Research Project
Grant-in-Aid for Young Scientists (B)
2種類の抗Mfrp抗体を作成した。Mfrpのシークエンスをもとに、親水性の部分を選び、タンパク質二次構造予測結果によりターン構造を確認し、タンパク質分子表面に存在する部分を推定した。親水性部分5か所のうちトランスメンブレン後方で細胞表面に存在しているのは3か所だった。このうち2か所を抗原ペプチドとして、抗Mfrp抗体を作成した。タンパク質の解析では、rd6マウスと遺伝的バックグラウンドが共通であるC57BL6/Jマウスをコントロールとし、週齢をそろえたそれぞれのマウスから網膜および網膜色素上皮を摘出し、サンプルバッファーに溶解した。
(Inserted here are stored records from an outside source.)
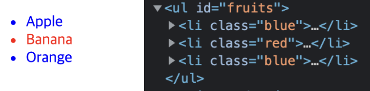 // class 값이 'fruit'인 요소 노드를 모두 탐색하여 HTMLCollection 객체에 담아 반환한다.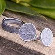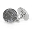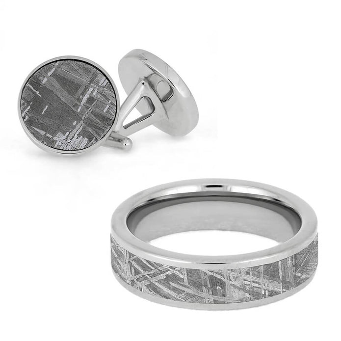 A simple, but stunning authentic meteorite wedding band crafted with titanium sleeve with coordinating meteorite cuff links. Give the gift of the galaxy with this Gibeon meteorite jewelry set.
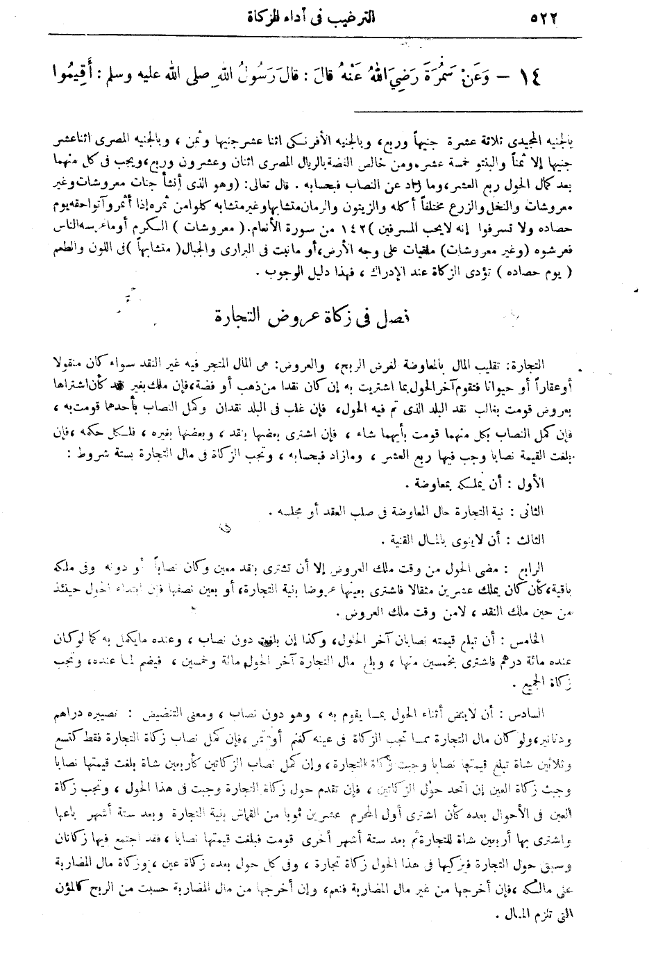 = بالجنية المجيدى ثلاثة عشر جنيهاً وربع، وبالجنية الأفرنكى اثنا عشر جنيها وثمن، وبالجنية المصري اثنا عشر جنيها إلا ثمناً والبنتو خمسة عشر، ومن خالص الفضة بالريال المصري اثنان وعشرون وربع، ويجب في كل منهما بعد كمال الحول ربع العشر، ومازاد عن النصاب فبحسابه. قال تعالى: (وهو الذى أنشأ جنات معروشات وغير معروشات والنخل والزرع مختلفاً أكله والزيتون والرمان متشابها وغير متشابه كلوا من ثمره إذا أثمر وآتوا حقه يوم حصاده ولا تسرفوا إنه لا يحب المسرفين) 142 من سورة الأنعام. (معروشات) الكرم أو ما غرسه الناس فعرشوه (وغير معروشات) ملقيات على وجه الأرض، أو ما نبت في البرارى والجبال (متشابهاً) في اللون والطعم (يوم حصاده) تؤدى الزكاة عند الإدراك، فهذا دليل الوجوب.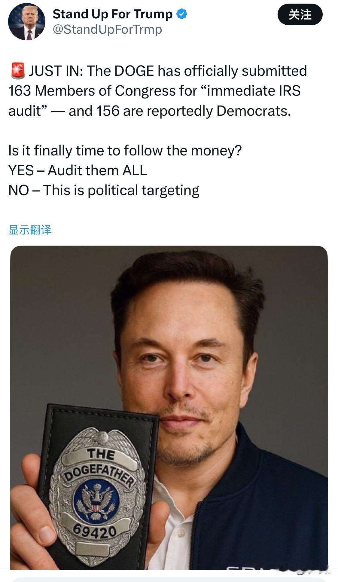 最新消息:特朗普内阁的政府效率部(DOGE) 已正式提交 163 名国会议员接受美国国税局立即审计,而且是全部审计——据报道,其中 156 人是民主党人。 这就是为什么他们不喜欢政府效率部的原因。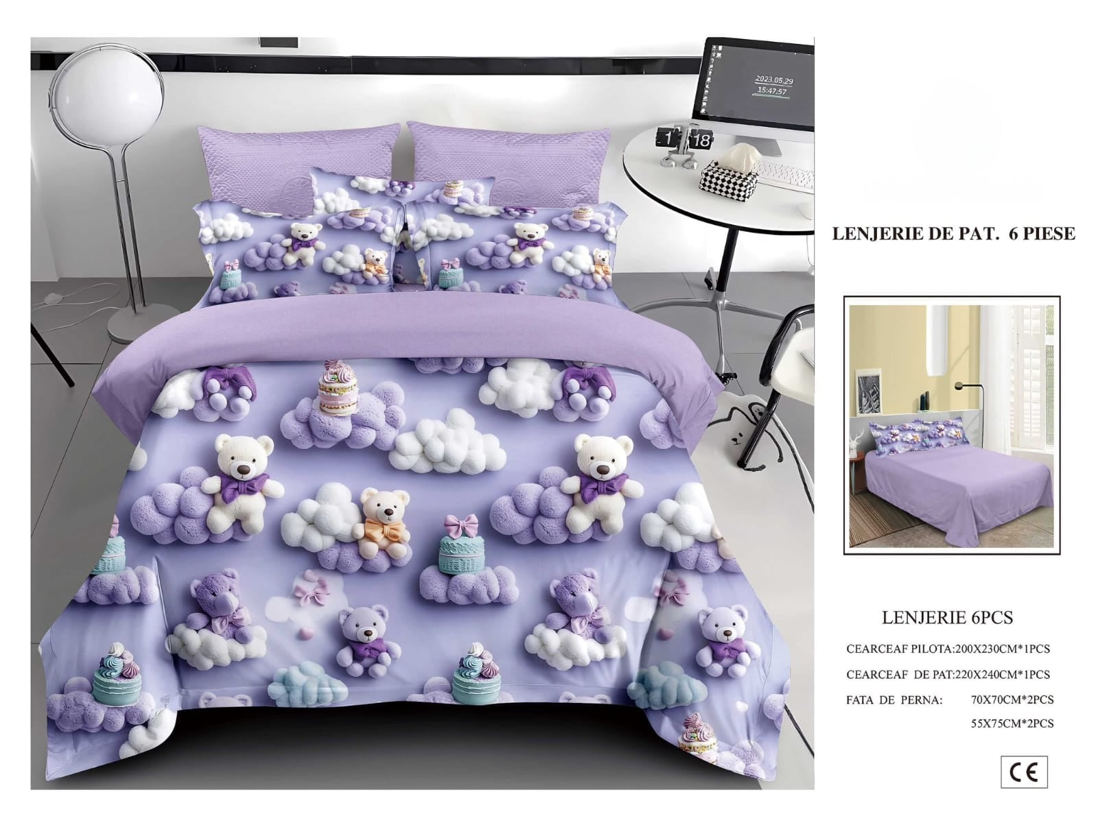 Lenjerie De Pat Finet 6 Piese 5D - Lila Cu Ursuleti Si Nori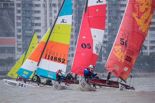 【本報訊】「2022美高梅澳門國際帆船賽」今日(14日)進行第二日賽事,經過連番激烈比拼,廣西北海老男孩夢之隊、華雲智慧健康隊及營口追風夏日隊分別在「澳門盃國際帆船賽」博納多First 40.7統一設計組、「粵港澳大灣區盃帆船賽」IRC組及「雙體帆船國際邀請賽」Hobie 16統一設計組獲得單日賽事冠軍。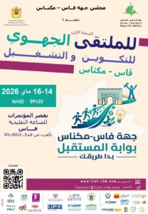 مجلس جهة فاس-مكناس ينظم النسخة الأولى للملتقى الجهوي للتكوين والتشغيل من 14 الى 16 ماي 2026 بقصر المؤتمرات للصناعة التقليدية بفاس.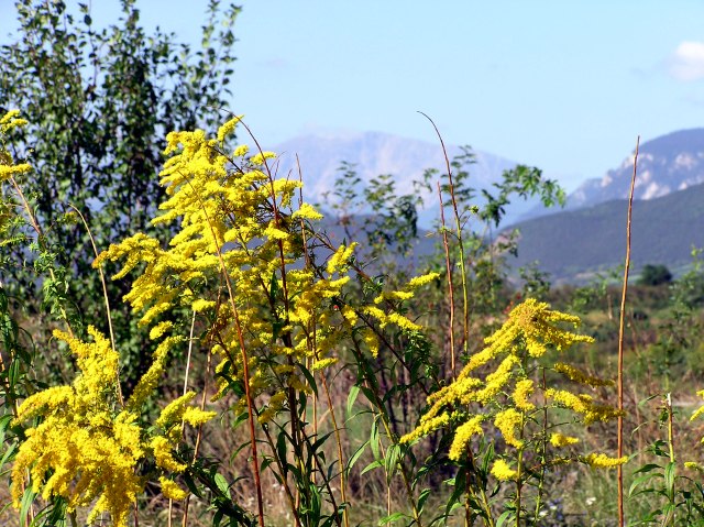 On the dry grass behind Bad Fischau in some places lots of Goldschopfaster ("Golden tufted aster", Aster linosyris), a typical plant of the Pannonian flora.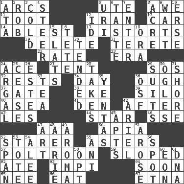 ACROSS 1. Curves 5. Shoshoni 8. Deep reverence 11. A blast of a horn 12. SW Asia republic 13. 4-wheeled motor vehicle 14. Most capable 17. What propaganda does 19. Keyboard key 21. Cigar-shaped 22. Assign a rank or rating to 23. Epoch 24. Adept person 27. Portable shelter 29. Mayday 32. Musical pauses 34. 24 hours 36. Ending for "Through" and "Enough" 37. Yard entry 38. Supplement with great effort 39. Grain storage tower 40. At sea 41. Lair 42. Following 43. French article 44. Play the lead 46. Compass dir. 47. Auto club (abbr.) 50. Capital of Western Samoa 52. A viewer who gazes fixedly 55. Michaelmas daisies 57. Characterized by complete cowardliness 59. Had an oblique or slanted direction 62. Had dinner 63. Body of Kaffir warriors 64. Within a short period 65. Born 66. Erode 67. Inactive volcano in Sicily DOWN 1. "One Day ___ Time" 2. Director Reiner 3. Having a low temperature 4. Navigate 5. RI univ. 6. Clothes sense 7. Keyboard key 8. Measure of real estate 9. Electrical Unit 10. Celtic language 12. Binary compound 15. Narrow boards 16. False hair 18. Mouth or opening 20. Watched over 24. Therefore, facetiously 25. Desist 26. _____ Park, CO 28. Receives possession of 29. Costumes for special activities 30. Stares 31. Dinah or Pauly 33. Afternoon social gathering 35. Gossips 36. Order of Saint Francis (abbr.) 42. Satellite of Uranus 45. Tenement units (abbr.) 47. Nonscientific branch of learning 48. Nest on high 49. Odor 51. Came up 52. Connect, as a bridge 53. Carry 54. Toward shelter 55. Black tropical American cuckoo 56. Blemish 58. Choose 60. Period of immesurable duration 61. Heredity factor (abbr.)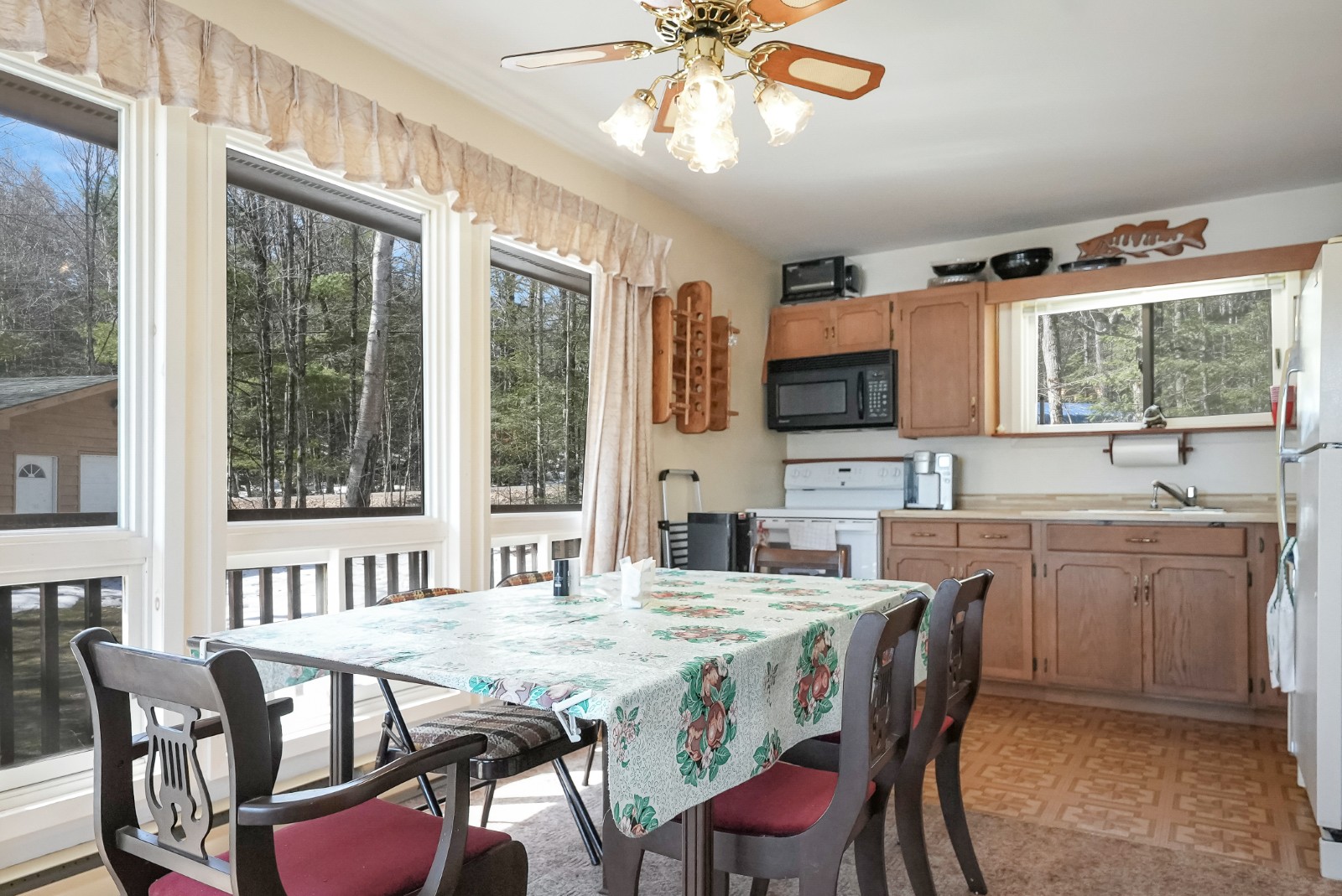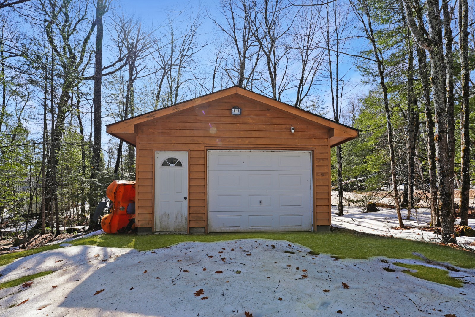 Inside, the cottage offers 3 bedrooms and 1 bathroom, with a comfortable layout suited for family use. The main level family room provides a central space to gather, while the walkout lower-level rec room adds extra room for games, movie nights, or accommodating guests. Additional features include a detached single-car garage (16' x 24') for storage or workspace, along with a garden shed for tools and seasonal items. With a layout that supports both indoor and outdoor living, and a property designed for all ages to enjoy, this Kushog Lake cottage is well-suited for families looking to spend time together in a relaxed, waterfront setting.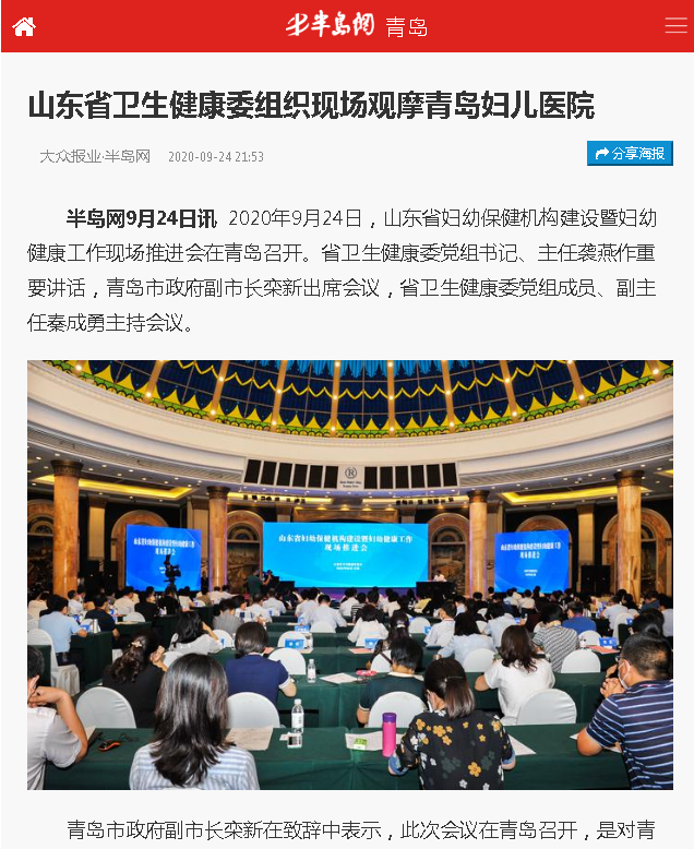 大眾報(bào)業(yè)·半島網(wǎng): 山東省衛(wèi)生健康委組織現(xiàn)場(chǎng)觀摩青島婦兒醫(yī)院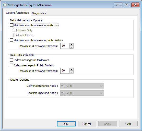 This Message Indexing page is used for the configuration of real-time and nightly maintenance of the search indexes used by Webmail, ActiveSync, and Remote Administration.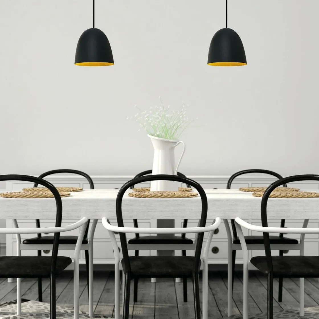 Innsiden er lakkert i en forgylt gullfarge, som lyses elegant opp og skaper et blikkfang i rommet. Ledningen er på hele 3m, som enkelt kan tilpasses etter eget ønske.

得られたタンパク質量を吸光光度計を用いて測定した後、それぞれのマウスのサンプルをSDS-PAGE法にて電気泳動した。これをウエスタンブロッティング法にてPVDFメンブレンに転写し、抗体を用いて解析した。MFRP-5ペプチドに対する抗体によるwestern blottingで9週齢のマウスにおいてC57BL6/Jマウスとrd6マウスでともに約58kDaの部位でバンドを認めた。発現量はC57BL6/Jマウスに比べてrd6マウスで増加していた。20週齢のマウスから得られたサンプルに対するwestern blottingではC57BL6/Jマウスとrd6マウスでともに約58kDaの部位でバンドを認めたが発現量の差は9週齢のマウスでの結果よりさらに大きくなっていた。このバンドの分子量は短縮型異常MFRPタンパク質の分子量に相当し、これらの結果から、rd6マウスでは、Mfrp遺伝子異常により発現される短縮型異常MFRPタンパク質が経時的に増加し、この異常タンパク質の集積のために視細胞変性が引き起こされている可能性があると考えられた。